Because a single variable is plotted on the x-axis, we specify x = in aes() but not a y =. The xlab() function, which is an example of a <OPTIONS>() function, allows you to relabel the title of the x-axis (ylab() is for the y-axis). The message before the plot tells us that we can use the bins = argument to change the number of bins used to produce the histogram. You can increase the number of bins to make the bins narrower and thus get a finer grain of detail. Or you can decrease the number of bins to get a broader visual summary of the shape of the variable’s distribution. Try changing the number of bins and see what you get.

Density plot


A density plot is a plot of the local relative frequency or density of points along the number line or x-axis of a plot. The local density is determined by summing the individual “kernel” densities for each point. Where points occur more frequently, this sum, and consequently the local density, will be greater. Density plots get around some of the problems that histograms have. geom_density() is the associated <GEOM_FUNCTION()> for a density plot. Let’s make a density plot of PM 2.5.

ggplot(neighces) + 
  geom_density(mapping = aes(x=PM2.5)) +
  xlab("PM 2.5") 

Plots with both a histogram and density line can be created:

ggplot(neighces, aes(x=PM2.5)) + 
 geom_histogram(aes(y=after_stat(density)), 
                colour="black", fill="white")+
 geom_density(alpha=.2, fill="blue") 

alpha = controls the transparency and fill = controls for the color of the plot.
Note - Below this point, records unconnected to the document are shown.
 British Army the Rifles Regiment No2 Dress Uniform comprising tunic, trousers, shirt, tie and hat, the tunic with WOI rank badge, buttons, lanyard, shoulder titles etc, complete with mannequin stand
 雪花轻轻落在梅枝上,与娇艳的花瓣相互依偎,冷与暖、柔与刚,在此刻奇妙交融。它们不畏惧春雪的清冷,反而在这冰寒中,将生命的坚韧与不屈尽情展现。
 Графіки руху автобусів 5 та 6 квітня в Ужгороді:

You can show the densities of two groups by adding the fill = argument.

ggplot(neighces) + 
  geom_density(mapping = aes(x=PM2.5, fill =mhisp),
               alpha = 0.5) +
  xlab("PM 2.5") 

Boxplot


We can use a boxplot (or a box-and-whisker plot) to visually summarize the distribution of a single numeric variable. Use geom_boxplot() for <GEOM_FUNCTION()> to create a boxplot. Let’s examine PM 2.5

ggplot(neighces) + 
  geom_boxplot(mapping = aes(y=PM2.5)) +
  ylab("PM 2.5") 

The top, middle and bottom of the box represent the 75th, 50th, and 25th percentiles, respectively. The points outside the whiskers represent outliers. Outliers are defined as having values that are either larger than the 75th percentile plus 1.5 times the IQR or smaller than the 25th percentile minus 1.5 times the IQR.
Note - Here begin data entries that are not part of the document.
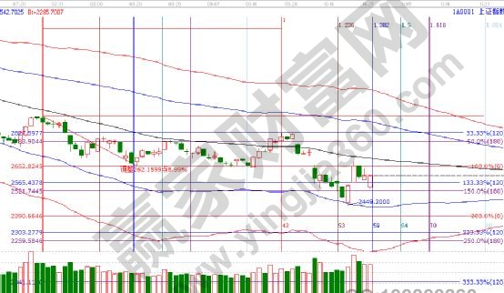 通過(guò)江恩理論系統(tǒng)趨勢(shì)、時(shí)間、價(jià)格工具綜合評(píng)判市場(chǎng)二星看多(五星評(píng)級(jí)標(biāo)準(zhǔn))。周四市場(chǎng)低開在15分鐘藍(lán)線關(guān)鍵位置后止跌反彈,截止收盤反彈至生命線壓力2610附近,此位置同時(shí)也是60分鐘生命線位置、也是江恩四方圖中的270度位置,則周五應(yīng)重點(diǎn)關(guān)注2610一線,強(qiáng)勢(shì)突破則繼續(xù)看高2680一線,反之,仍將回落洗盤。操作上,日線股指仍處于生命線下弱勢(shì)區(qū),整體倉(cāng)位嚴(yán)格控制在3-5成,激進(jìn)客做好風(fēng)控的前提下,低吸博弈短線機(jī)會(huì)。10月為月線重要時(shí)間點(diǎn),最后幾個(gè)交易日,市場(chǎng)波動(dòng)劇烈是價(jià)格追隨時(shí)間的一種表現(xiàn),中長(zhǎng)期趨勢(shì)能否自此揚(yáng)帆,靜待月線收盤。
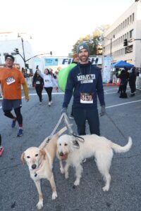 Chase Swanson posed with his dogs for Sleighbells on the Square 5k
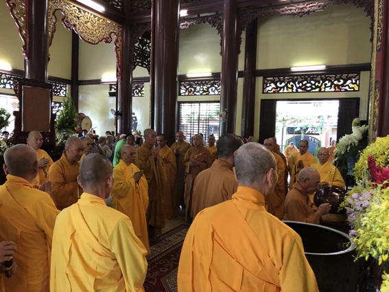 Tại buổi lễ, HT.Thích Quang Nhuận, Giáo phẩm chứng minh BTS GHPGVN tỉnh Thừa Thiên Huế cử hành nghi lễ cúng ngọ; chư Tôn đức Tăng Ni môn phái tổ đình Tường Vân (TP.Huế) và môn đồ pháp quyến, Phật tử, thiện tri thức trang nghiêm hộ niệm.
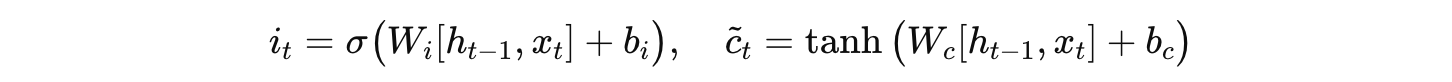 由输入门决定是否更新:在 LSTM 中,还有一个输入门(Input Gate),其计算公式为:
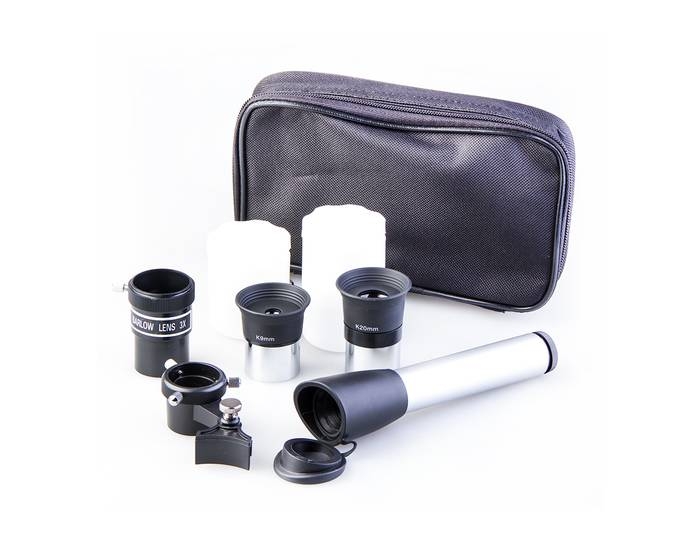 Об окулярной части следует сказать особо: она расположена под углом 45° к оси прибора, и может поворачиваться вокруг своей оси на 360° (8 фикс.положений). Все это делает очень комфортным наблюдение - как из положения сидя, так и из положения стоя. При этом изображение не зеркальное, где "лево" и "право" поменялись местами, а прямое! (в конструкции используется призма с "крышей"). Телескоп снабжен простой азимутальной монтировкой с пластиковым штативом, практически для "настольного" использования. Две микрометрические рукоятки наведения и видоискатель (6х, входит в комплект) позволяют точно ориентировать телескоп на цель. Если вы не планируете совершать выезды на пикники, то эти монтировку и штатив можно оставить. Если планируете - мы рекомендуем приобрести штатив с телескопическими ножками (алюминиевые, деревянные, стальные - без разницы), монтировка подойдет EQ1 или EQ2. Или можно купить обычный фотографический штатив, резьбовое отверстие под крепление 1/4" находится в площадке внизу на корпусе телескопа.
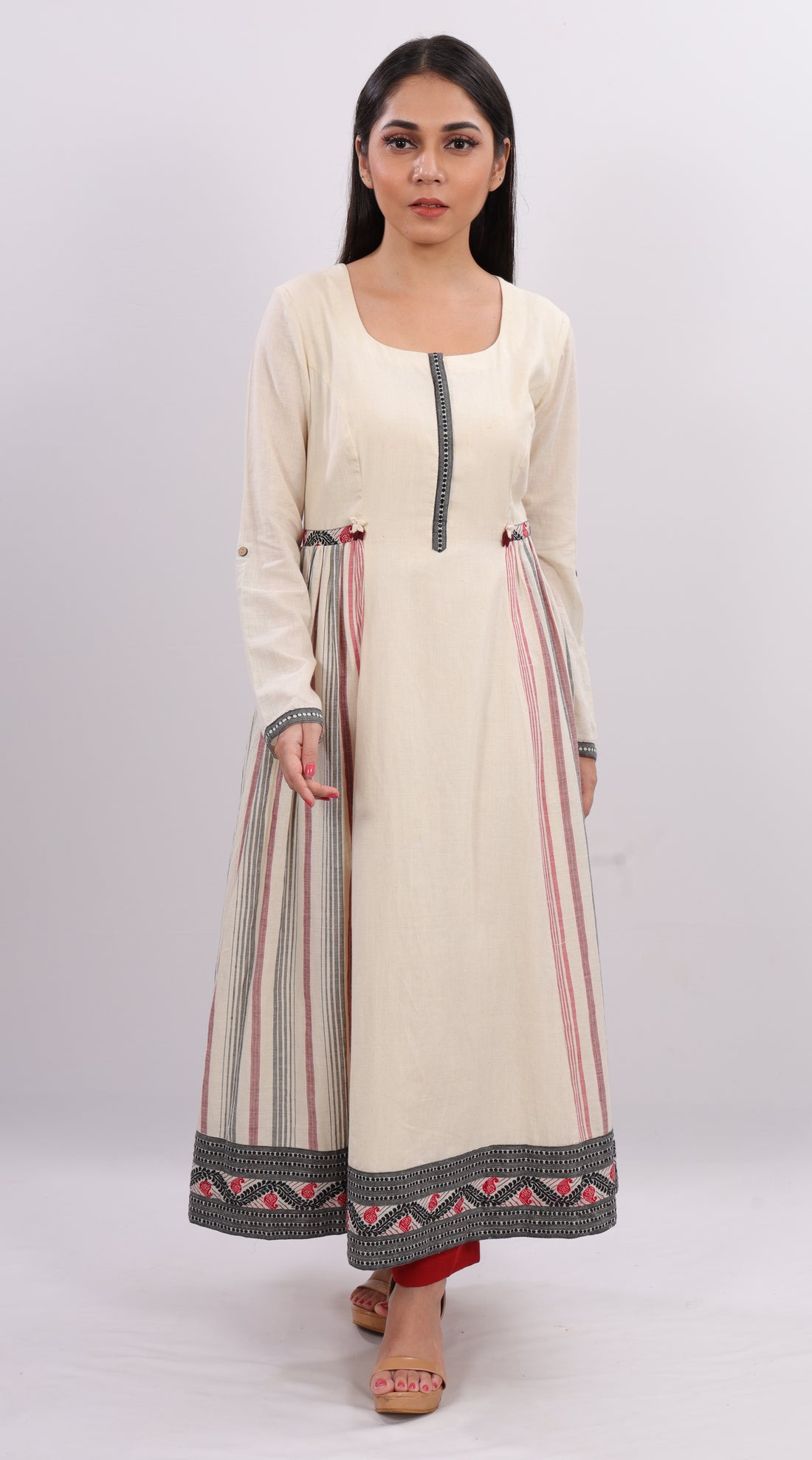Princess Cut Flared Kurta with Pallu details on the side. Fabric- Handloom cotton Length -48"...
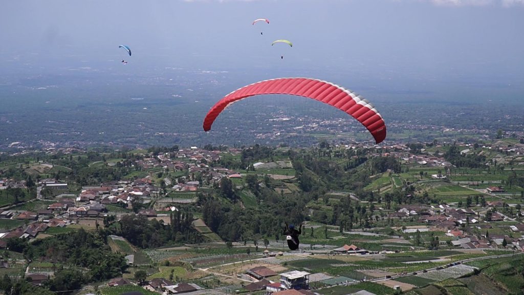 FOKUS JATENG-BOYOLALI- Ada wisata olah raga dirgantara, Paralayang di lereng timur Gunung Merbabu tepatnya di Desa Tarubatang Kecamatan Selo, Boyolali.
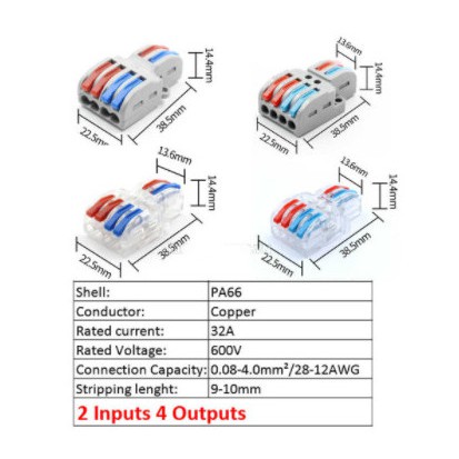 Giới thiệu Cút Nối Dây Điện 2 Đầu Ra 4 Đầu - 32A 250V/600V
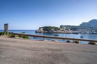 A coastal road in Mallorca, Spain, with clear skies and the beautiful Balearic Islands in the background. The road is lined with Armco barriers and leads to a picturesque pier and harbor. A perfect day to explore the stunning natural landscape of Mallorca.

We can also use the boxplot to examine the relationship between a categorical and numeric variable. Let’s examine the distribution of PM 2.5 by majority vs. non majority Hispanic. Because we are examining the association between two variables, we need to specify x and y variables within aes()

ggplot(neighces) + 
  geom_boxplot(mapping = aes(x = mhisp, y=PM2.5)) +
  ylab("PM 2.5") +
  xlab("Hispanic population") 

How can you adjust the code above to further separate the majority and not majority box plots by environmentally disadvantaged or not, and represent the disadvantage/not disadvantage boxes by different colors?

Barchart


We use a bar chart to summarize a categorical variable. Bar charts show either the number or frequency of each category. To create a bar chart, use geom_bar() for <GEOM_FUNCTION>(). Let’s show a bar chart of environmentally disadvantaged communities.
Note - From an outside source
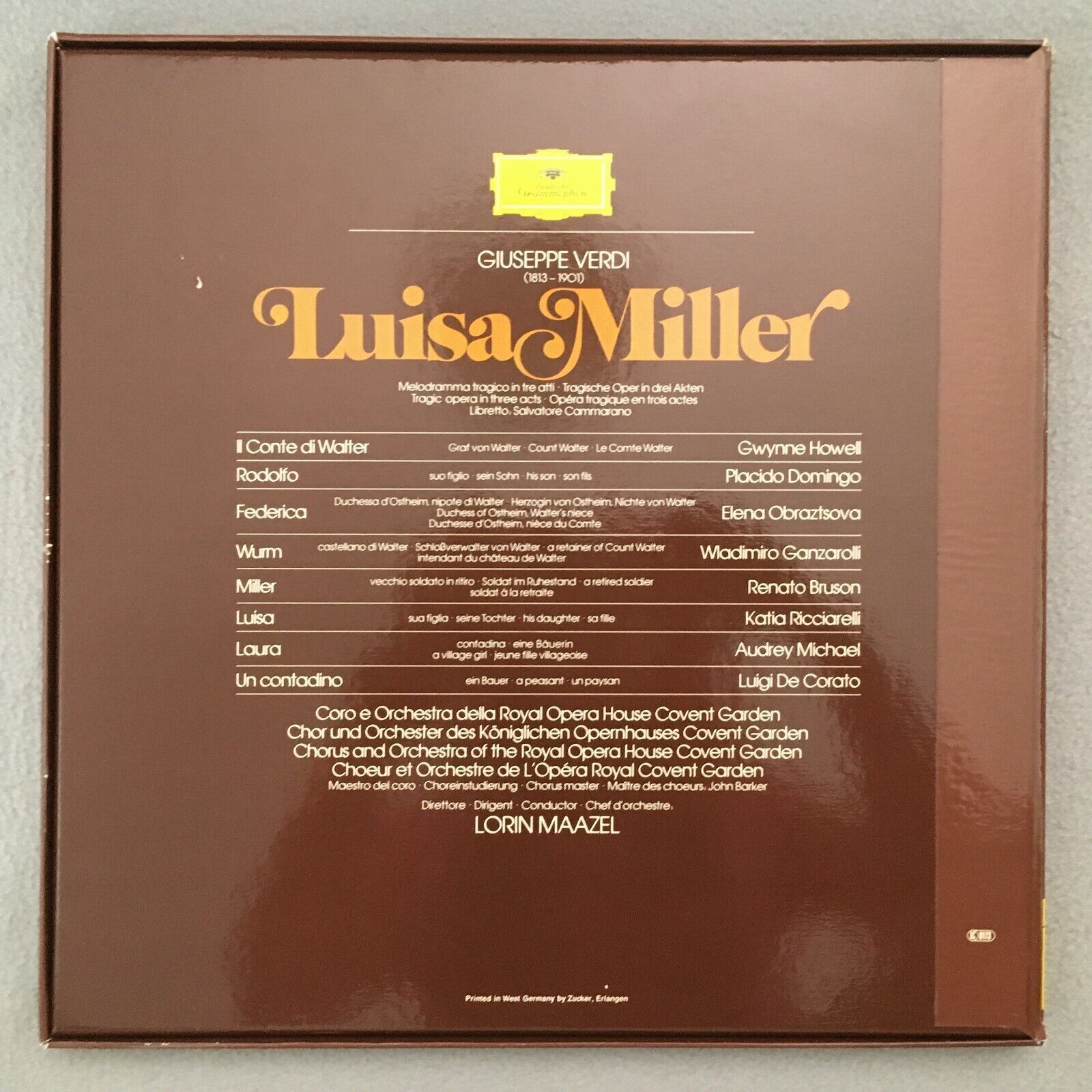 C208 Verdi Luisa Miller Ricciarelli Domingo Maazel 3LP DGG 2709 096 Stereo
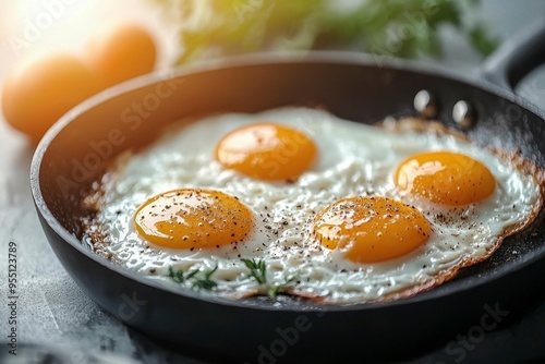 egg, fried, breakfast, yolk, white, black, pan, frying, cooking, food, kitchen, meal, tasty, delicious, healthy, protein, iron, vitamin, dietary, morning, lunch, dinner, alimentary, fresh, pepper, spice, favor, grease, oil, butter, cooked, gold, round, circle, plate, hot, warm, appetising, simple

ggplot(neighces, aes(x=factor(disadvantage)))+
    geom_bar(stat="count")+
    xlab("Disadvantaged neighborhood") +
    ylab("Count") 

This provides the number of observations in each category, which is designated by the argument stat = "count". What if we want to show the percentages? There is no stat = "freq" option, so we have to calculate those proportions (or percentages) on our own. We can borrow from the code we used earlier to create our disadvantage frequency table and pipe this table directly into ggplot().

neighces %>%
  group_by(disadvantage) %>%
  summarize(n = n()) %>%
  mutate(freq = 100*(n / sum(n)))  %>%
  ggplot() +
  geom_bar(mapping=aes(x=disadvantage, y=freq),stat="identity") +
    xlab("Disadvantaged neighborhood") +
    ylab("Percentage") 

We didn’t need to specify data = <DATA> in ggplot() because it was piped in. Within aes(), we specified the categorical variable disadvantage on the x-axis and then the proportion of neighborhoods freq on the y-axis. The argument stat = "identity" tells ggplot() to plot the exact value listed for the variable freq.

Scatterplot


The scatterplot is the traditional graph for visualizing the association between two numeric variables. For scatterplots, we use geom_point() for <GEOM_FUNCTION>(). Because we are plotting two variables, we specify an x and y variable. Does proportion Hispanic change with greater poverty in the neighborhood?

ggplot(neighces) +
    geom_point(mapping = aes(x = Poverty, 
                             y = phisp)) +
    xlab("Poverty") +
    ylab("Proportion Hispanic")

What does scatter plot suggest about the relationship between the two variables?

You should pair a visual with a descriptive stat to better guide your understanding of a relationship. One way of doing this for a large number of variables is through a pairs plot. We’ll use the function pairs.panels() from the package psych to create a pairs plot.

neighces %>%
     select(pwhite:pblk, PM2.5) %>%
     pairs.panels(method = "pearson", # correlation method
             hist.col = "#00AFBB",
             density = TRUE, # show density plots
             ellipses = F, smooth = F) # unneeded  

The plot shows the histograms and density plots of the four selected variables on the diagonal, the correlation between each of the variables above the diagonal and the scatterplots below the diagonal.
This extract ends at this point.